Mahkemece, yukarıda açıklanan yasal düzenlemeler çerçevesinde, öncelikle, 2926 Sayılı Yasanın “Tescilde esas alınacak belgeler” başlığını taşıyan 10. maddesi ile yönetmeliğin 9. maddesi kapsamında, ilgili meslek kuruluşları, tarım satış kooperatifleri ve birlikleri, tarım kredi kooperatifleri ve birlikleri, tarım kesimine yönelik faaliyette bulunan milli bankalardan, davacıya yönelik kayıtlar getirtilip, davacının hangi ürünleri, ne zamandan beri, nerede ve ne kadar ürettiği, nerelerde sattığı davacıdan sorulup, bu satışlardan prim tevkifatının yapılıp yapılmadığı ilgili kuruluşlardan araştırılarak, davacının tapulu taşınmazının tarımsal faaliyete elverişli miktarda olmadığı da nazara alınarak, tarımsal faaliyeti kiralama yoluyla temin edilen taşınmazlarda gerçekleştirip gerçekleştirmediği ayrıntılı olarak araştırılarak, var ise, kira sözleşmeleri temin edilerek, ayrıca var ise traktörüne yönelik trafik kayıtları getirtilerek tüm deliller toplandıktan sonra, somut verilere dayalı olarak, varılacak sonuca göre karar verilmesi gerekirken, yetersiz araştırma ve inceleme sonucu, yazılı şekilde hüküm kurulması, usul ve yasaya aykırı olup, bozma nedenidir.

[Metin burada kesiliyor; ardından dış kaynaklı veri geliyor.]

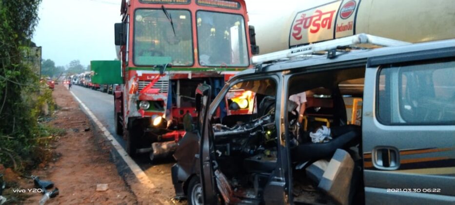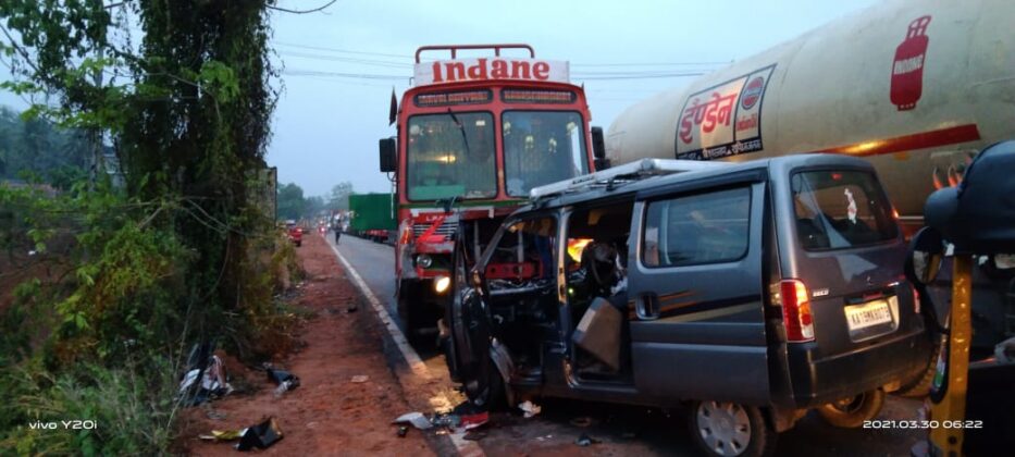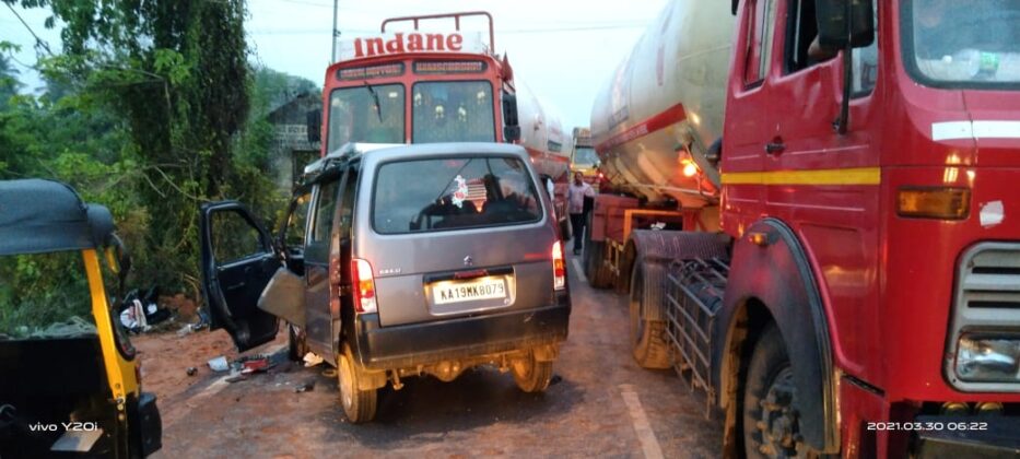 ಪಾಣೆಮಂಗಳೂರು : ಕಾರಿಗೆ ಗ್ಯಾಸ್ ಟ್ಯಾಂಕರ್ ಢಿಕ್ಕಿ; ಆರು ಮಂದಿಗೆ ಗಾಯ
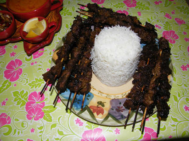 Grill/asar brochetas hasta que esté cocido (bajo parrilla en horno llevaría cerca de 30 minutos, girando una vez o dos veces)
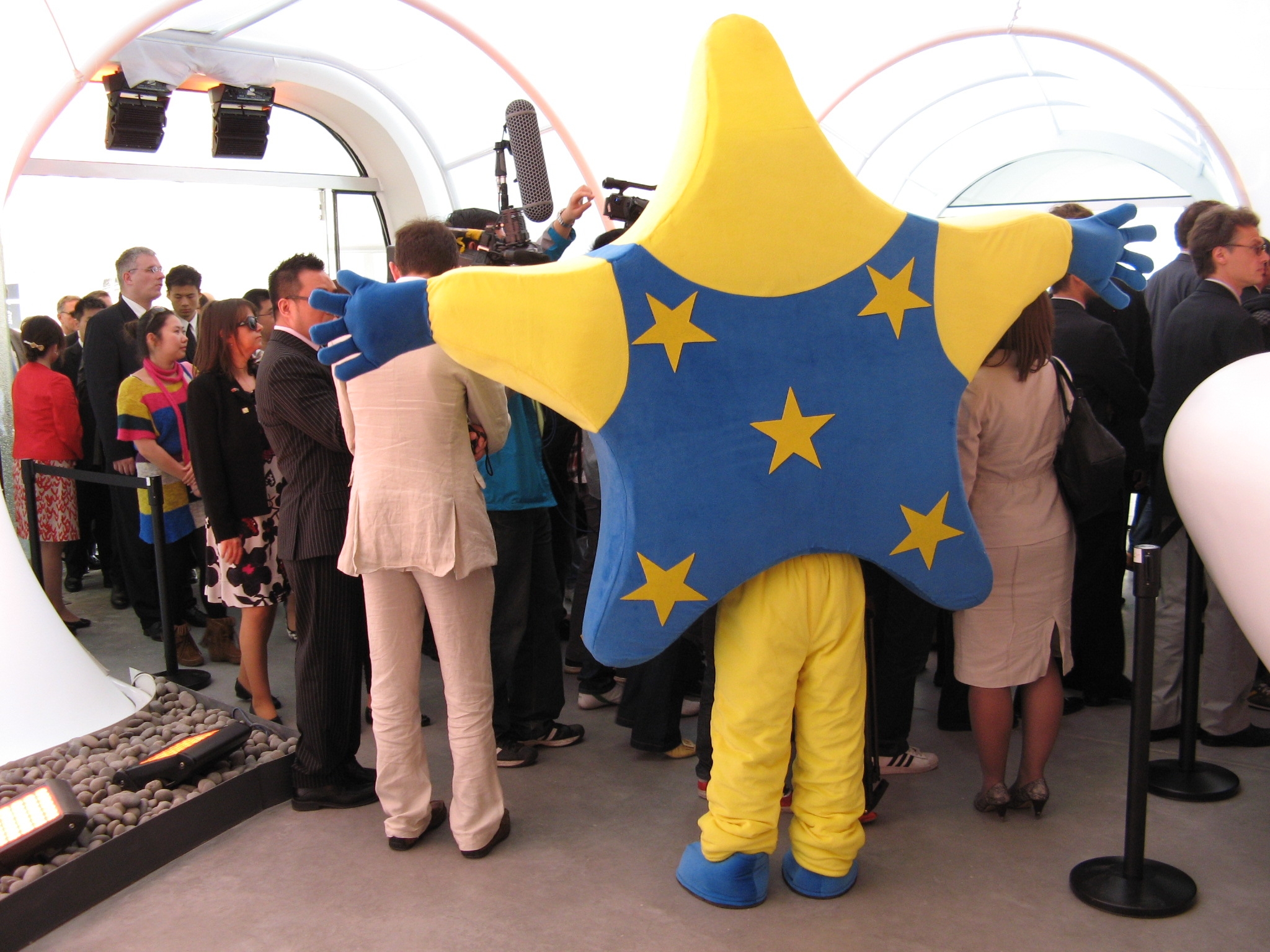 Era o îngrămădeală simpatică, civilizată, la intrarea în Pavilionul Belgiei & UE. Părea că aceia care nu puteau intra pe usă, pătrundeau pe geam. Ca ziaristii. Îngrămădeala era sporită de puzderia de jurnalisti adusi acolo de un eveniment: prezenta lui Jose Manuel Barroso. Nu multi stiau prea bine ce e cu el, dar era anuntat în program, împreună cu informatia că omul e ceva sculă mare prin Europa. Eram prea binedispus ca să mă enervez că trebuie sa astept să treacă valul. M-a binedispus si tipul care, îmbrăcat în stea UE, ghida oamenii, si faptul că, intrasem, la propriu, pe geam (mă rog, pe o intrare neoficială, dar foarte functională) si puteam privi detasat.

O hâlde, davalı Kurum vekilinin bu yönleri amaçlayan temyiz itirazları kabul edilmeli ve hüküm bozulmalıdır…”) gerekçesiyle bozularak dosya yerine geri çevrilmekle yeniden yapılan yargılama sonunda; mahkemece önceki kararda direnilmiştir.

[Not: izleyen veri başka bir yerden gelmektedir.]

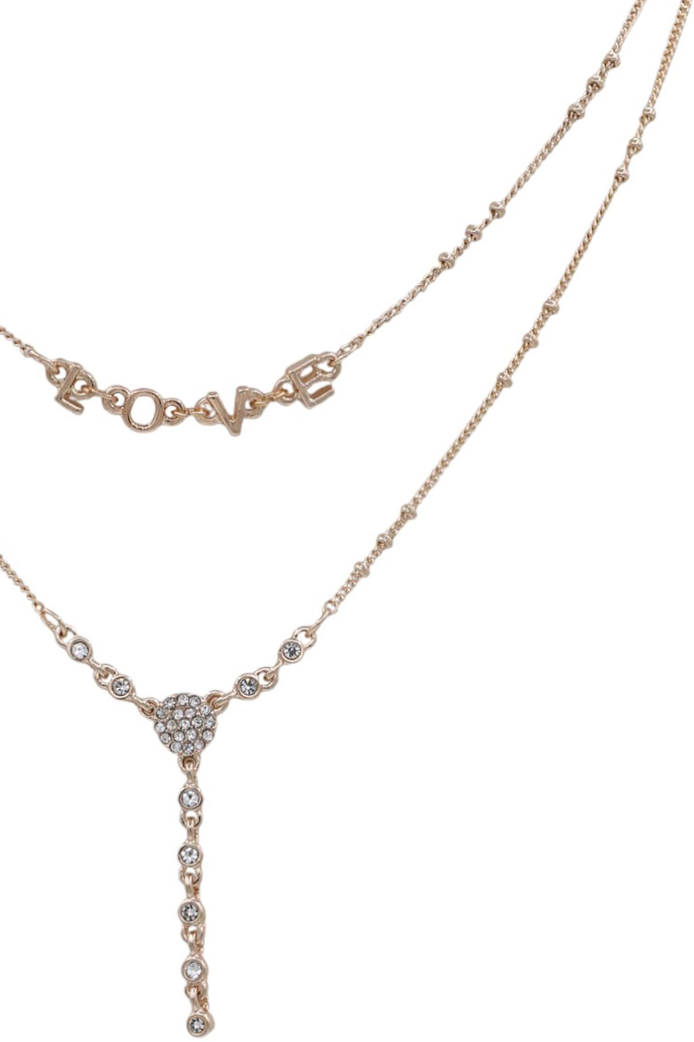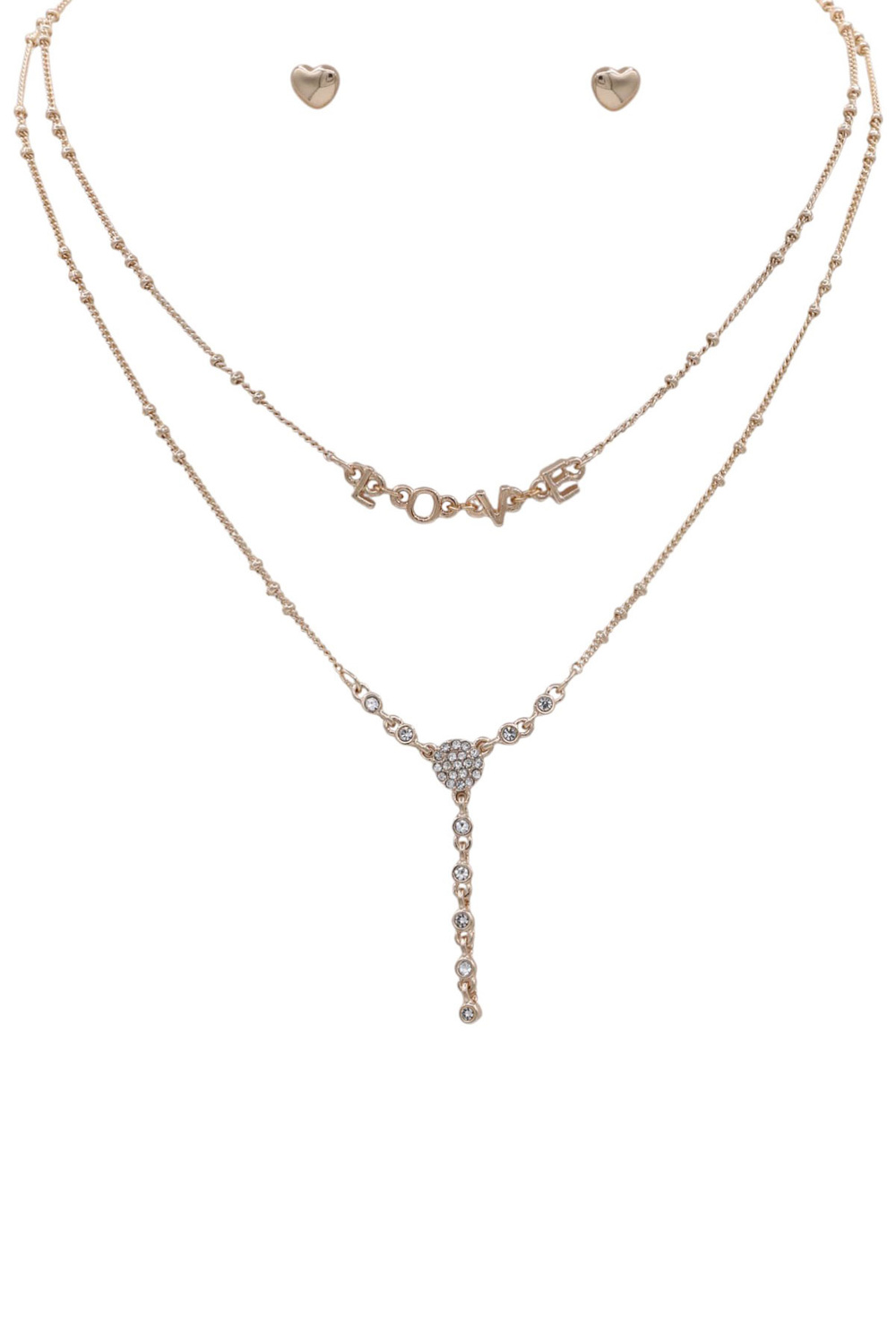 - Layered metal necklace set featuring a sparkling rhinestone and LOVE pendant for a sweet, stylish touch.

TEMYİZ EDEN: Davalı vekili
HUKUK GENEL KURULU KARARI: Hukuk Genel Kurulu’nca incelenerek direnme kararının süresinde temyiz edildiği anlaşıldıktan ve dosyadaki kağıtlar okunduktan sonra gereği görüşüldü:
Davacı vekili, şeker fabrikasınca 15.03.1995 tarihinde yapılan prim kesintisi nedeniyle 01.04.1995 tarihinden geçerli olmak üzere 2926 sayılı Kanun kapsamında Tarım Bağ-Kur sigortalısı olarak tescil edilen, bilahare Kurumca, 2926 sayılı Kanunun 2/b maddesine göre aile reisi olmadığı gerekçesiyle ilk tescili ve sigortalılığı başlangıç tarihi itibariyle iptal edilerek, davacı kadının sigortalılığı için aile reisliği kavramının 24.07.2003 gün ve 4956 sayılı Kanunla kaldırılmasından sonraki 28.07.2008 tarihli başvurusu dikkate alınarak Tarım Bağ-Kur sigortalılığı 01.08.2008 tarihinden başlatılan davacının 01.04.1995-01.08.2008 tarihleri arasında 2926 sayılı Kanun kapsamında Tarım Bağ-Kur sigortalısı olduğunun tespitine karar verilmesini talep ve dava etmiştir.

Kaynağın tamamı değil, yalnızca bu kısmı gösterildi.